[Mb-civic] codex update
IHHS at aol.com
IHHS at aol.com
Mon Oct 10 08:10:52 PDT 2005
just FYI, b
Codex update
European court cases stall pharmaceutical companies' plans to control
natural supplements.
Dateline: Sunday, October 02, 2005
by Helke Ferrie
What do airplanes, pharmaceutical drugs and Codex Alimentarius have in
common? Answer: a black box. When an airplane crashes, its black box, retrieved
from the wreckage, contains the record of events up to the moment of the crash
and enables analysts to determine the cause of the tragedy. The US Federal
Drug Agency (FDA) "blackboxes" a drug when post-marketing experience shows it
killed a lot of people and frequently produces potentially fatal side effects.

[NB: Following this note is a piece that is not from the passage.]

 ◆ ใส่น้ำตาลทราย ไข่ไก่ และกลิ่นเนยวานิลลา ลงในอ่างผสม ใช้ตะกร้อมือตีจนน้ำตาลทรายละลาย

Doctors are informed accordingly in the US and Canada. When consulting the
annually-updated CPS (Compendium of Pharmaceuticals and Specialties), you will
see literally a black box under such drugs with warnings printed inside.

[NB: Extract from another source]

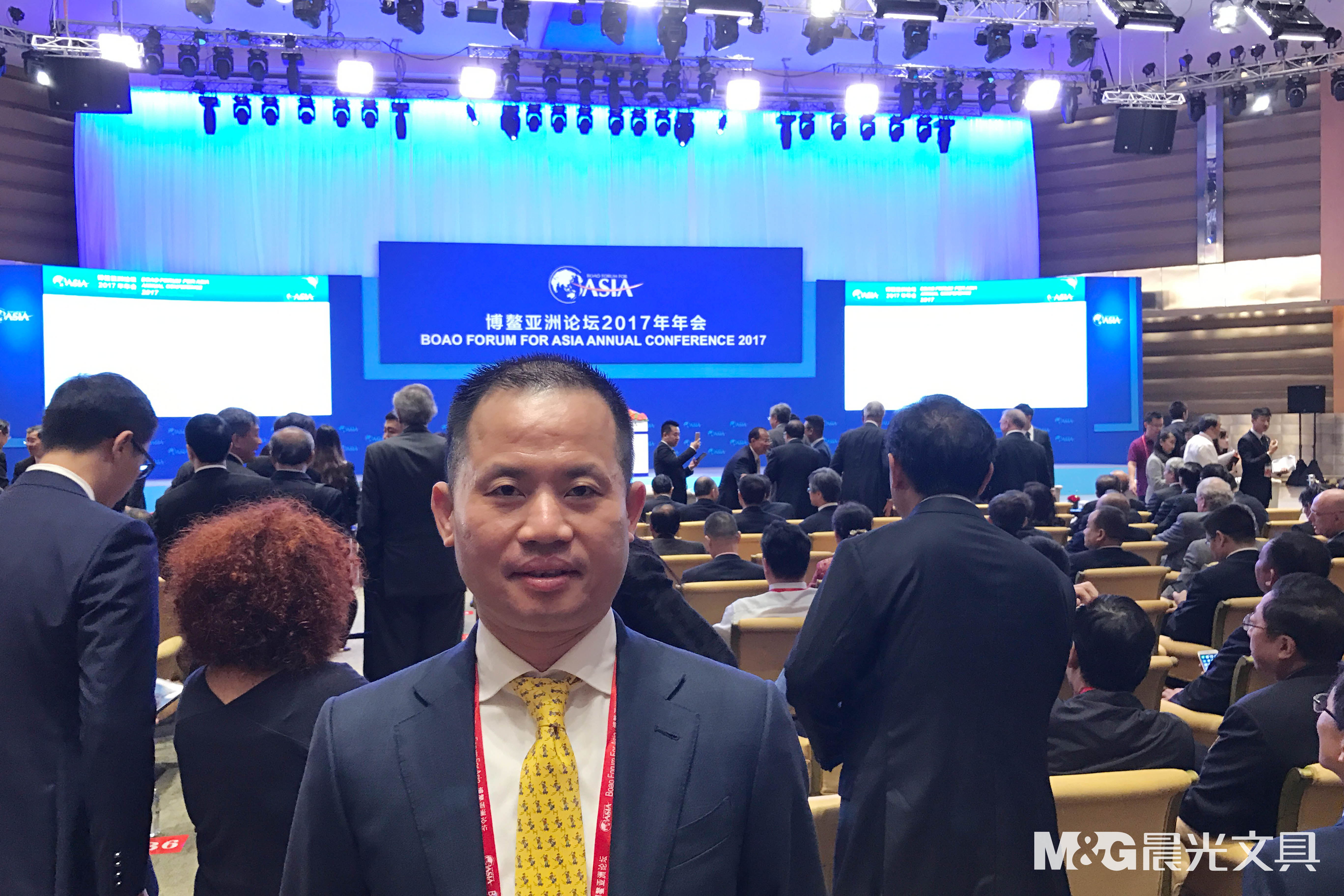 2017年3月23日,以“直面全球化與自由貿易的未來”為主題的博鰲亞洲論壇正式開幕。作為論壇指定文具供應商,此次是晨光文具持續十一年助力博鰲為大會組委會及參會的政商人士提供專業會務文具,再敘創新發展新篇章。晨光文具董事長陳湖文先生應邀參加了此次論壇。

Codex Alimentarius is a black box containing most of what you wish you didn't
have to know about the transformation of medical science into a purely
iatrogenic enterprise. The late Ivan Illich coined the word "iatrogenic" from the
Greek iatros, meaning "physician" and genesis, meaning "creating".
Iatrogenesis refers to physician-caused illness. Codex is the political equivalent of
the current toxicology manuals because it endorses and promotes for
international trade and consumption in the whole wide world everything from pesticides
to irradiation, genetically engineered foods and synthetic analogs for drugs
and nutrients in preference to bio-compatible natural substances.
Codex does have the power to impose regulations that could restrict the
availability of vitamins worldwide.
The Codex black box was opened a crack by the April 5 opinion handed down by
Justice Leendert A Geelhoed, the European Union Advocate General, who
happened to refer to the arbitrary powers of the Codex-supporting EU legislation as
being "about as transparent as a black box". The box was opened wider on July
12th when the European Court of Justice provided a ruling for the EU that
zeroed in on the central problem of the entire Codex exercise, namely the
preference for synthetic over natural medicinal substances. This is key to
understanding Codex, why EU legislation can affect Canada and the US, and what the
current health freedom movement wants to achieve.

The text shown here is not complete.